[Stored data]
* * *
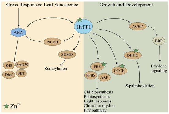 Proposed model for the mode of action of HvFP1 in stress, senescence and growth regulating pathways. Interaction with other proteins (shown as ellipses) and ABA (shown as hexagon) is pictured by arrows (for the positive effect) and bars (for the negative effects). Proteins containing zinc are marked with a green star.
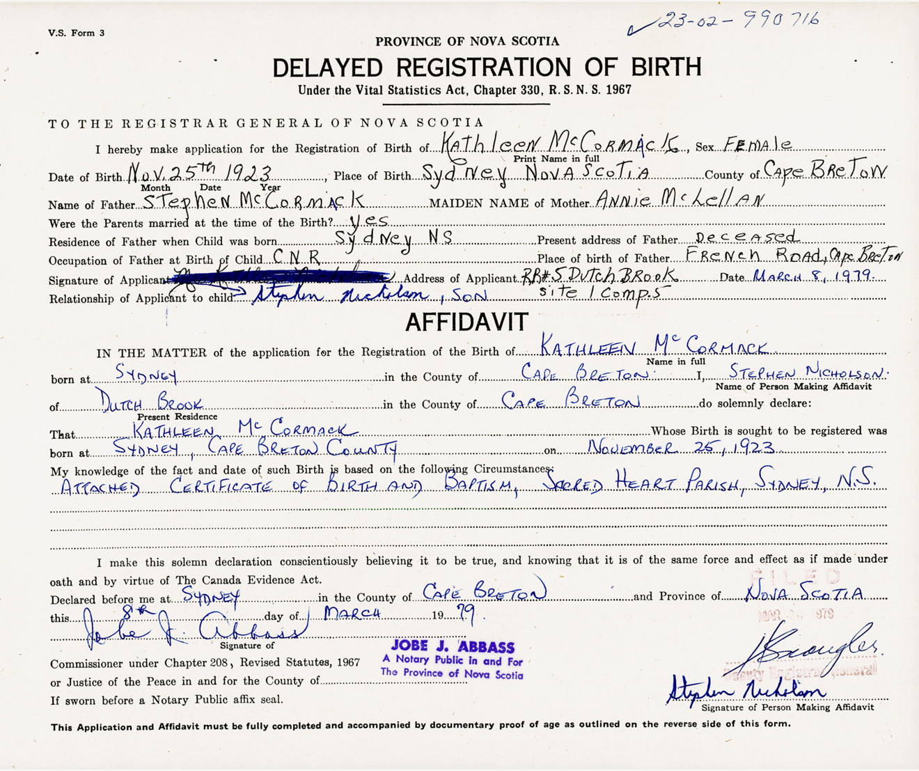 Attached certificate of birth and baptism, Sacred Heart Parish, Sydney, NS
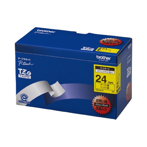 ピータッチ ラミネート黄色テープ24mm黒文字5個
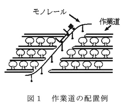急峻傾斜地に道幅の広い作業道を設置した場合、掘削法面の段差が高くなり摘果・採果の作業がしづらくなるとともに、降雨による法面崩壊の危険性が高くなる。このため、道幅を30~50㎝と狭くし、等高線方向の樹列ごとに配置して登坂能力の高い上下方向のモノレールに接続する(
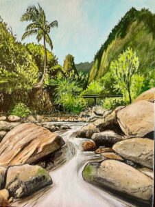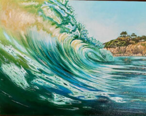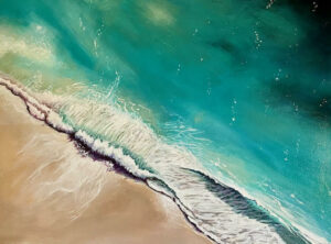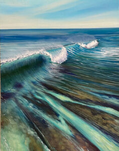 The artist hopes viewers will find a sense of escape in the work — perhaps recalling a favorite coastline, a memory of the sea, or simply enjoying the color and energy of the painting.
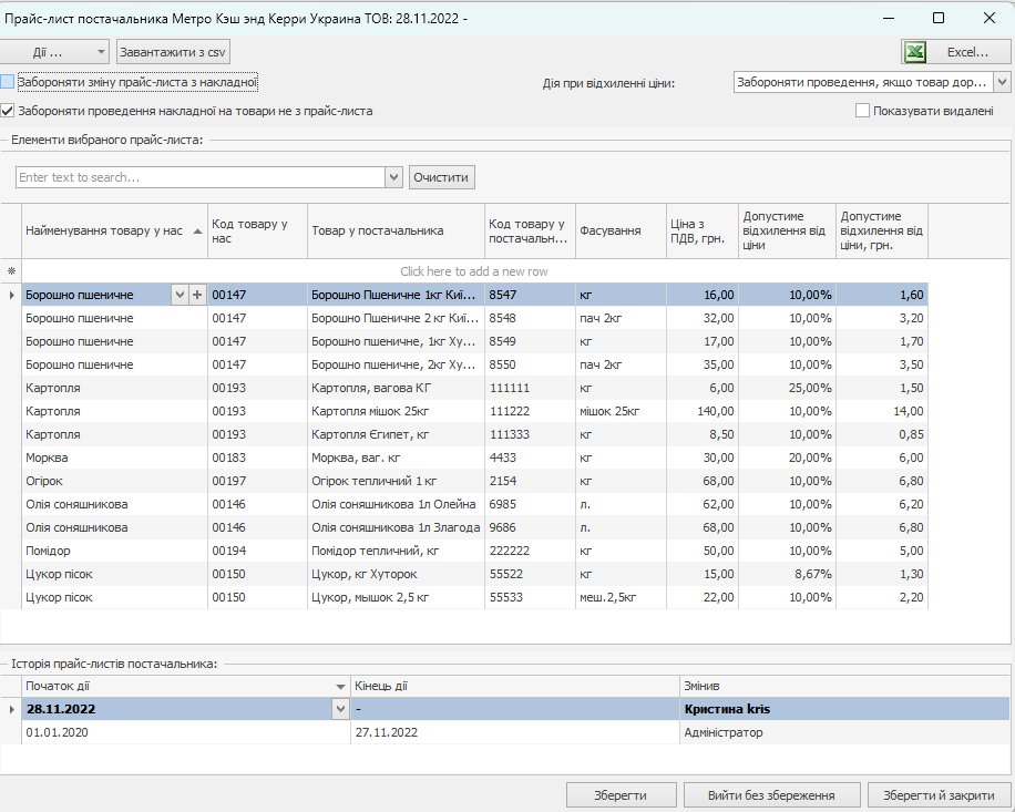 Інформація про новий прайс-лист автоматично записується в таблицю Історія прайс-листів постачальника: дата початку та закінчення дії і хто створив.
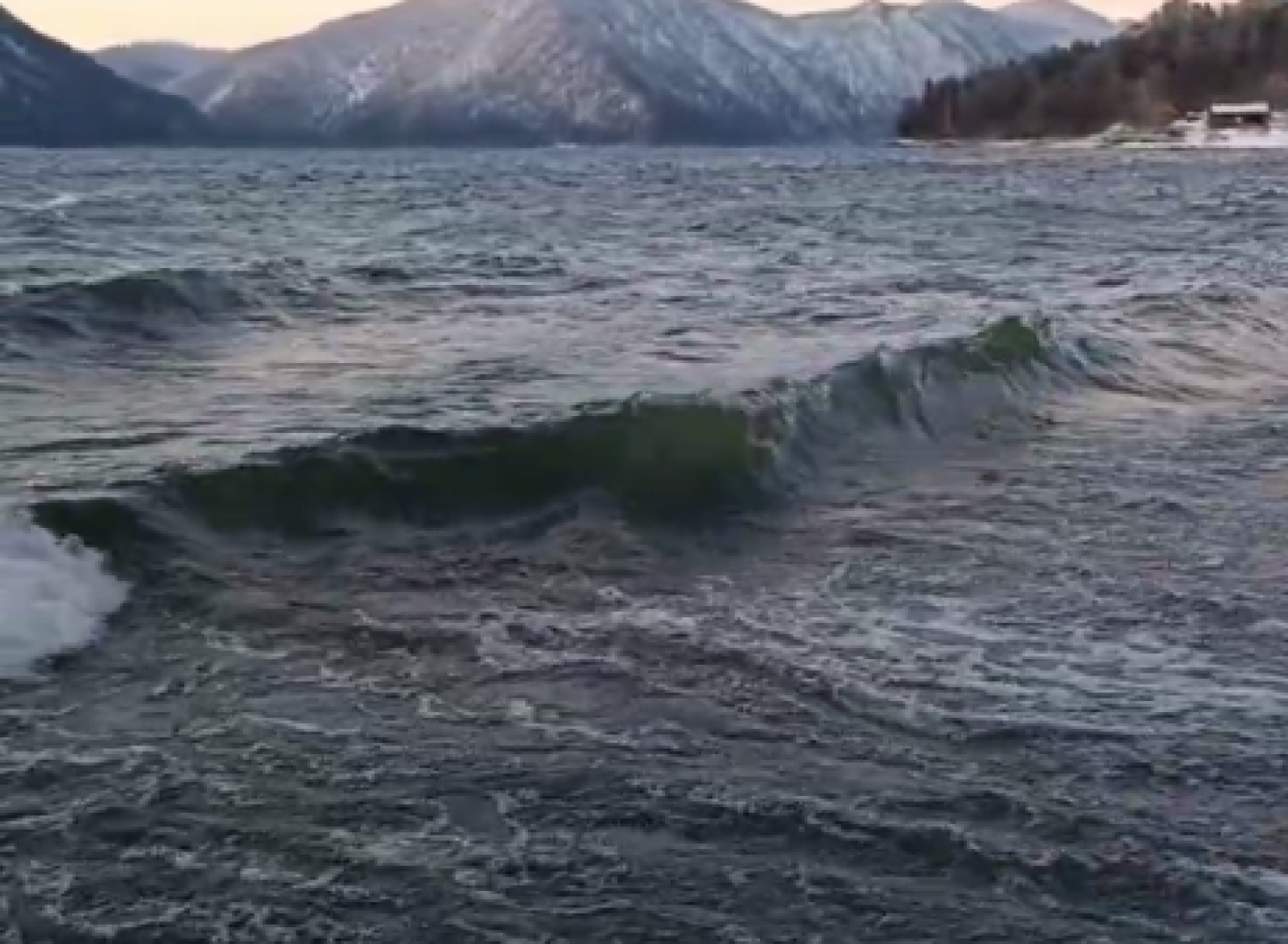 Зима наступает на Телецкое озеро — пока горы окрасились в черно-белые цвета, суровые воды озера бушуют. Кадры с берега, снятые неподалеку от села Яйлю, опубликовал Алтайский заповедник в telegram-канале.
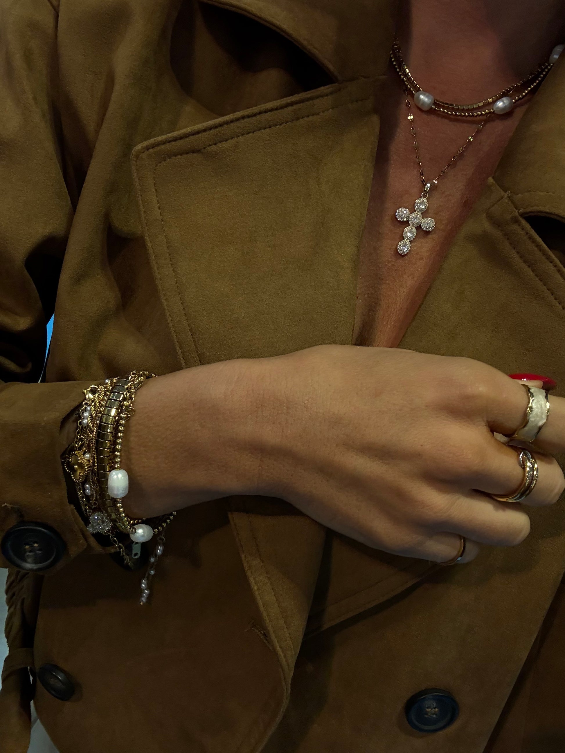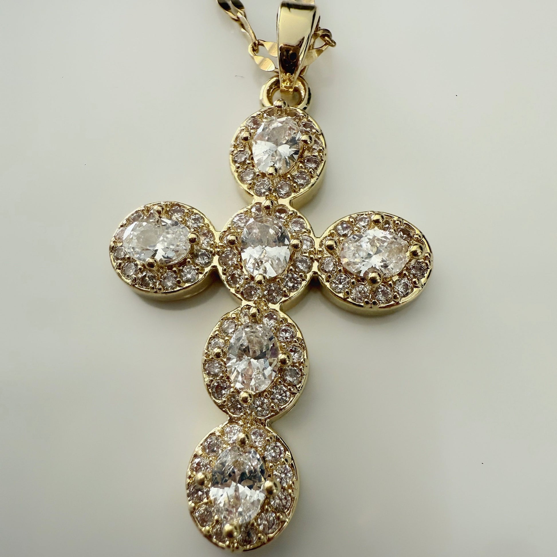 This radiant piece features an 18k gold-plated chain paired with a sparkling cross made of large oval-cut stones. Elegant and timeless.
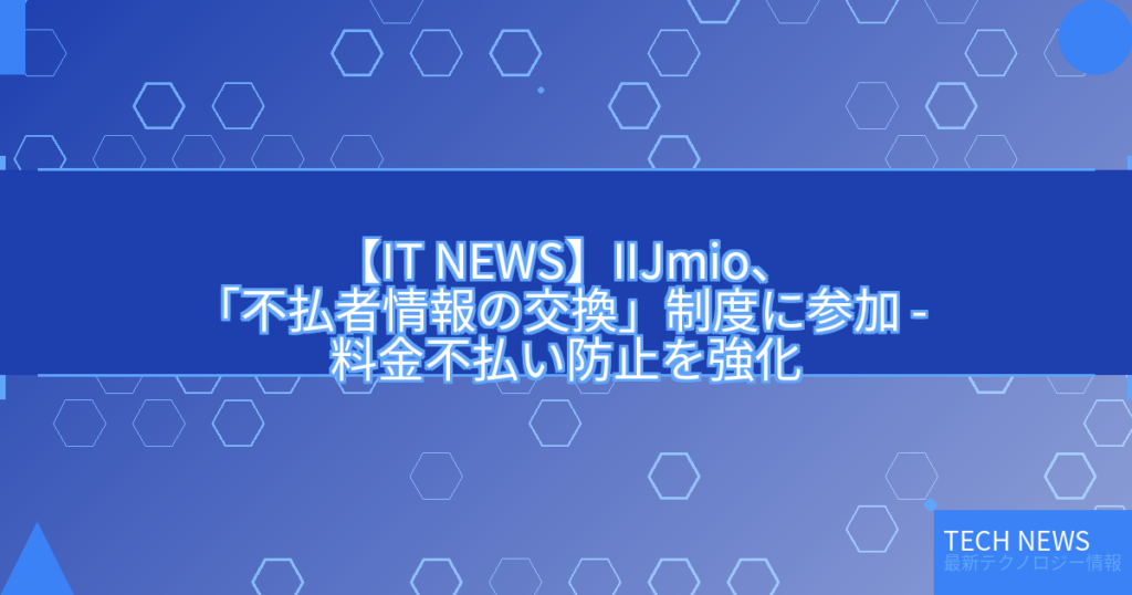 【IT NEWS】IIJmio、「不払者情報の交換」制度に参加 – 料金不払い防止を強化
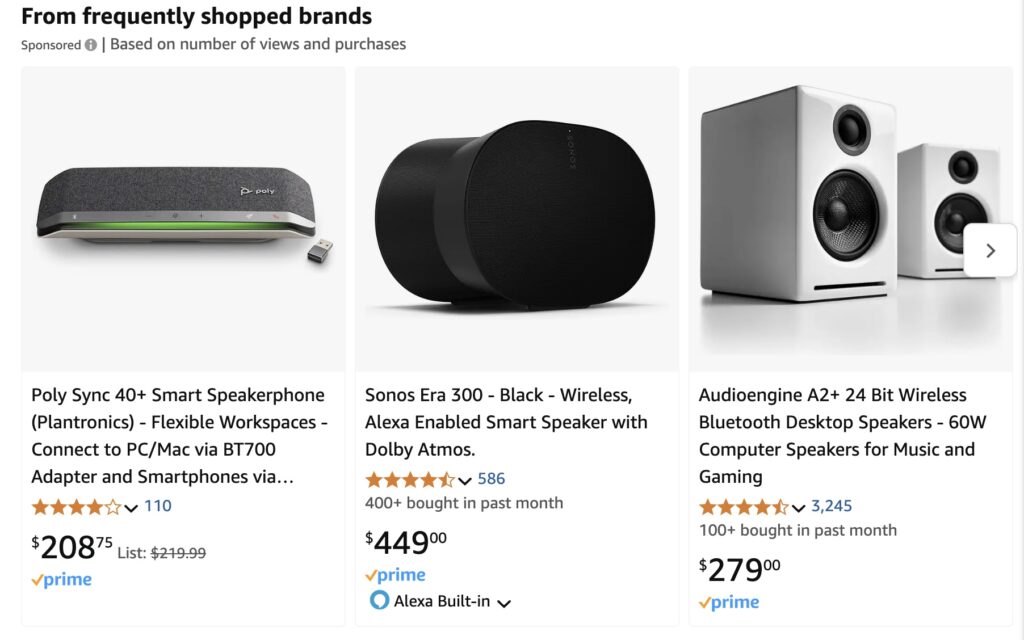 For instance, the image below shows some listings promoted on Amazon when searching for “smart speakers”. As you can see, the platform promotes relevant products and the native feel makes them fit seamlessly into the page with other listings.
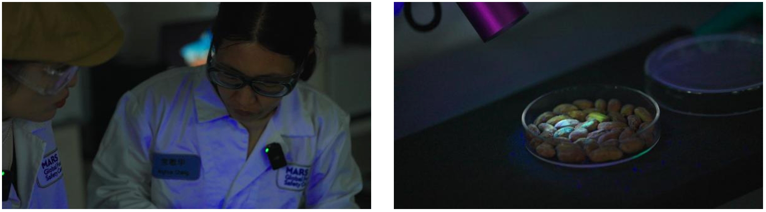 真菌毒素风险管理团队的常敬华博士(中国农业科学院博士,跑步爱好者)展示了玛氏的解决方案:荧光分选技术。在特定紫光灯下,看似正常的花生若呈现亮黄绿色荧光,可能存在霉菌污染及黄曲霉毒素风险。这套技术比人工色选速度更快、准确率更高,能高效剔除风险花生,为未来食品安全体系储备底气。
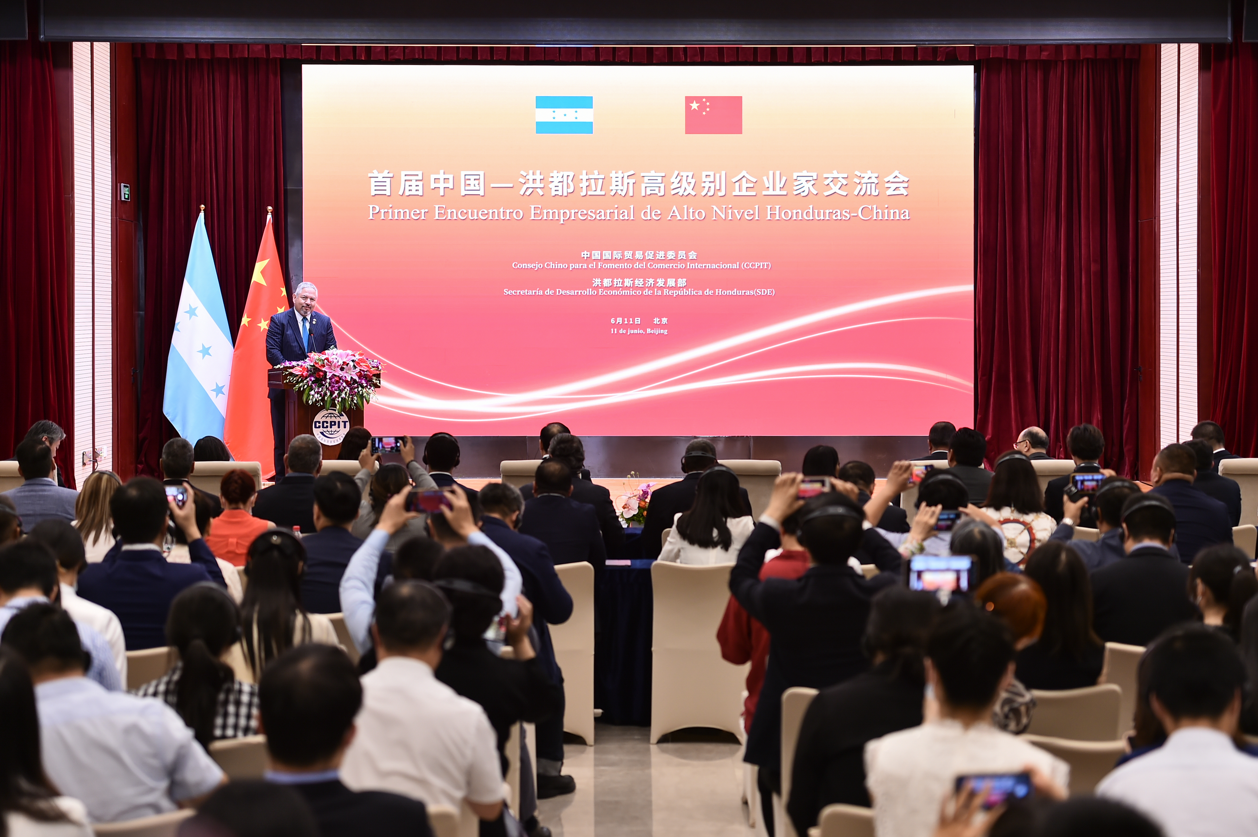 6月11日下午,首屆中國—洪都拉斯高級別企業家交流會在京成功舉辦。中國貿促會副會長張少剛和洪都拉斯外長雷納、經濟發展部部長塞拉托、農業及畜牧業部部長蘇阿索、經濟發展部副部長雷東多出席交流會,中國國際商會秘書長孫曉主持會議。
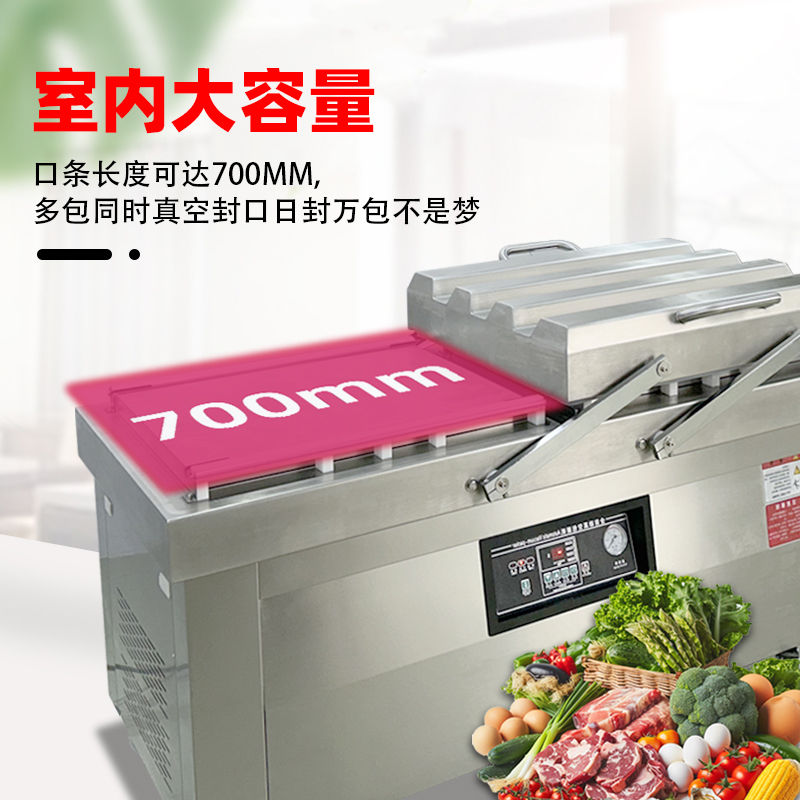 雙室真空包裝機通過 “雙真空室輪換作業” 實現抽真空與裝袋無縫銜接,核心是利用兩個獨立真空室的 “時間差并行操作”,讓設備在同一周期內同時完成 “抽真空密封” 和 “人工 / 自動裝袋”,徹底消除單室機型 “抽真空時無法裝袋” 的等待間隙,大幅提升作業效率。其具體運作邏輯和優勢可拆解為以下 3 點:
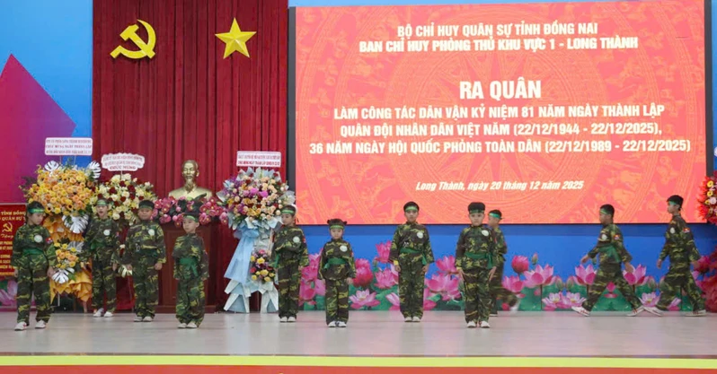 (QK7 Online) - Nhân kỷ niệm 81 năm Ngày thành lập Quân đội Nhân dân Việt Nam (22/12/1944 - 22/12/2025), 36 năm Ngày hội Quốc phòng toàn dân và 80 năm Ngày truyền thống lực lượng vũ trang Quân khu 7 (10/12/1945 - 10/12/2025), ngày 20/12, Ban Chỉ huy phòng thủ Khu vực 1 (CHPTKV1) - Long Thành, Bộ Chỉ huy Quân sự tỉnh Đồng Nai tổ chức ra quân làm công tác dân vận năm 2025 trên địa bàn 5 xã, phường: Tam Phước, Bình An, Long Phước, Long Thành và Phước Thái (tỉnh Đồng Nai).
* * *
Task details: Skip the pictures and quote each line of the entries above, from the first through the line with "急峻傾斜地に道幅の広い作業道", exactly as it appears.

Expected answer:
 Proposed model for the mode of action of HvFP1 in stress, senescence and growth regulating pathways. Interaction with other proteins (shown as ellipses) and ABA (shown as hexagon) is pictured by arrows (for the positive effect) and bars (for the negative effects). Proteins containing zinc are marked with a green star.
 Attached certificate of birth and baptism, Sacred Heart Parish, Sydney, NS
 ピータッチ ラミネート黄色テープ24mm黒文字5個
急峻傾斜地に道幅の広い作業道を設置した場合、掘削法面の段差が高くなり摘果・採果の作業がしづらくなるとともに、降雨による法面崩壊の危険性が高くなる。このため、道幅を30~50㎝と狭くし、等高線方向の樹列ごとに配置して登坂能力の高い上下方向のモノレールに接続する(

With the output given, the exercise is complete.